WHAT YOU ARE ASKED TO DO: Task for the records below: please retype exactly and only the lines from the first through the one with "已通过一致性评价的B制造商过", with every picture omitted.

═══

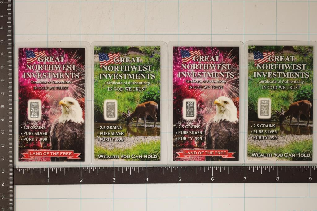4-2.5 GRAIN SILVER BARS IN LAMINATED CARDS:
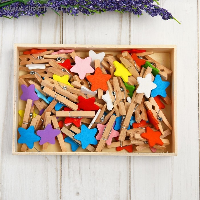Набор прищепок в деревянной коробке «Звёздочки», набор 50 шт.
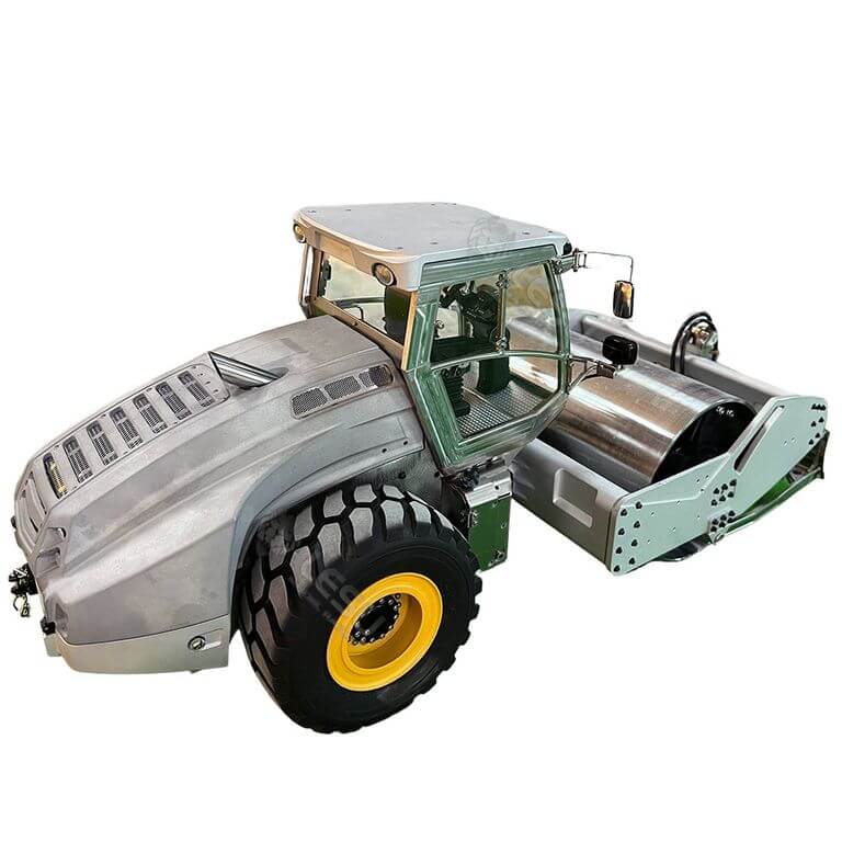 Präzise gefertigter Planierwalzen-Bausatz aus Metall mit Hydraulik.
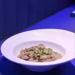 This risotto is made with a lot of mushrooms and has a rich aroma of black truffles. It is recommended for mushroom lovers.
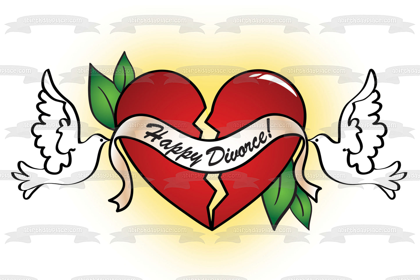 Happy Divorce Banner Broken Heart White Doves Edible Cake Topper Image ABPID13114
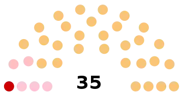 - 35 sièges à pourvoir au conseil municipal (population légale 2017 : 21 945 habitants)
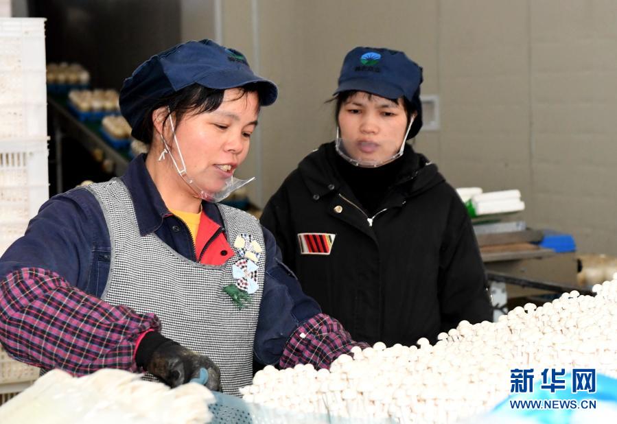 1月2日,顺昌县郑坊镇邓坊村脱贫妇女卢秋英(左)在当地农企“神农菇业”包装车间务工。
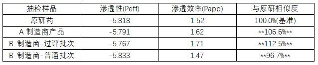 已通过一致性评价的B制造商过评批次,虽然临床BE试验达标,但其体外渗透性特征与原研存在显著差异(+12.5%)。
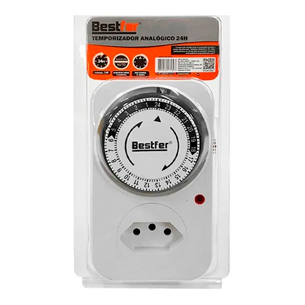O Temporizador Analógico 24h Bivolt Bestfer é a solução ideal para quem busca praticidade e eficiência no controle de equipamentos elétricos. Com sua capacidade de programação de até 24 horas, ele permite uma gestão fácil do consumo energético. Compatível com 110V e 220V, oferece versatilidade para diferentes ambientes e aplicações. Este temporizador é perfeito para automatizar o funcionamento de eletrodomésticos, iluminação e sistemas de segurança. Seu indicador LED facilita a visualização do status, proporcionando maior segurança e conveniência ao usuário. Vantagens: - Tipo de Temporizador: Analógico, ideal para programação simples. - Bivolt: Compatível com 110V e 220V. - Programação até 24 horas: Controle eficiente do uso de energia. - Modos Automático e Manual: Flexibilidade no controle dos aparelhos. - Indicador LED: Luz que indica o funcionamento do dispositivo. - Proteção contra Sobrecargas: Maior segurança e durabilidade. Especificações técnicas: Marca: Bestfer Tipo: Temporizador analógico Voltagem: Bivolt (110V/220V) Frequência: 50/60 Hz Saída: 1 tomada padrão Conteúdo da embalagem: 1 Temporizador Analógico 24h Bivolt Bestfer Garantia: - 3 meses de garantia

═══

TASK RESULT:
4-2.5 GRAIN SILVER BARS IN LAMINATED CARDS:
Набор прищепок в деревянной коробке «Звёздочки», набор 50 шт.
 Präzise gefertigter Planierwalzen-Bausatz aus Metall mit Hydraulik.
 This risotto is made with a lot of mushrooms and has a rich aroma of black truffles. It is recommended for mushroom lovers.
 Happy Divorce Banner Broken Heart White Doves Edible Cake Topper Image ABPID13114
 - 35 sièges à pourvoir au conseil municipal (population légale 2017 : 21 945 habitants)
 1月2日,顺昌县郑坊镇邓坊村脱贫妇女卢秋英(左)在当地农企“神农菇业”包装车间务工。
 已通过一致性评价的B制造商过评批次,虽然临床BE试验达标,但其体外渗透性特征与原研存在显著差异(+12.5%)。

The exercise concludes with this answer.